07 Fév TULIPES
Il semblerait que, périodiquement, « la peinture » demande à ceux qui la servent de se contenter, pour explorer ses possibilités, de programmes (relativement) simples. Ainsi, Vincent Gassin, ayant prévu d’occuper en entier un mur (disons blanc, pour faire vite), feint de laisser la couleur oeuvrer de son propre mouvement – comme si les coulures se substituaient à ce qu’aurait pu produire un dessin. Les flux chromatiques, sous le seul affect du poids du médium, se frôlent, s’entrecroisent, se recouvrent plus ou moins, se trouvent ponctuellement déviés par les infimes reliefs du support, et passent ainsi d’une pureté initiale à des mélanges impurs. La seule gravité définit les traînées et leur ampleur relative, les plages irisées, les nuances imprévisibles qui témoignent à leur manière du « laisser faire » décidé par le peintre, qui clôt son intervention en suggérant une évocation de (pourquoi pas ?) « tulipes ».

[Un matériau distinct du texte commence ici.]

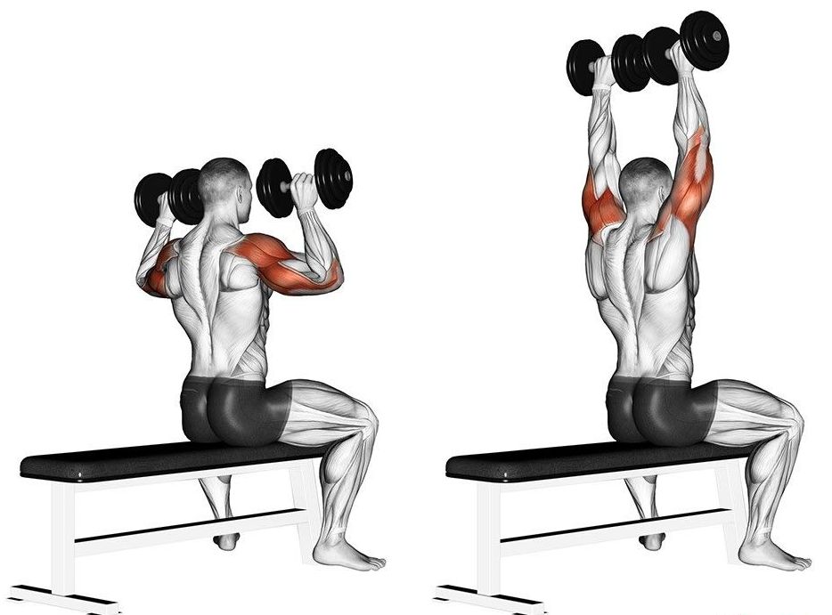 - жим гантелей стоя или лежа;

Dans cette installation de peinture, le support est à l’évidence transformé. Pas seulement parce que, pour le spectateur, il peut être difficile de choisir entre mouvement ascendant et chute des lignes ou bandes colorés (ce va-et-vient n’étant qu’un aspect d’un trouble visuel plus général), mais surtout parce que la réalité spatiale du mur s’efface derrière ce qu’il donne à voir : loin de rester inerte, la surface coopère à l’effusion picturale – au point qu’un retour à son état antérieur risque d’en révéler l’ordinaire vacuité.
Ce qui limitait fonctionnellement un espace et faisait obstacle au regard devient paradoxalement un facteur de visibilité : agir sur un mur avec la peinture, c’est, non le dissimuler, mais lui apporter une efficacité nouvelle, que l’on pourrait qualifier de poétique, si l’on entend dans l’adjectif la résonance d’un « faire » premier. « C’est poétiquement que l’homme habite la terre ». Rien ne prouve que Vincent Gassin ait eu en tête cette affirmation de Höderlin lorsqu’il a pensé son travail ; et il sait comme d’autres que la vie quotidienne (le social, l’économie, la mode …) nous somme de l’oublier. Mais il paraît heureusement s’obstiner à montrer comment la peinture participe à la définition toujours inachevée de ce que doit en effet être notre manière d’habiter le monde.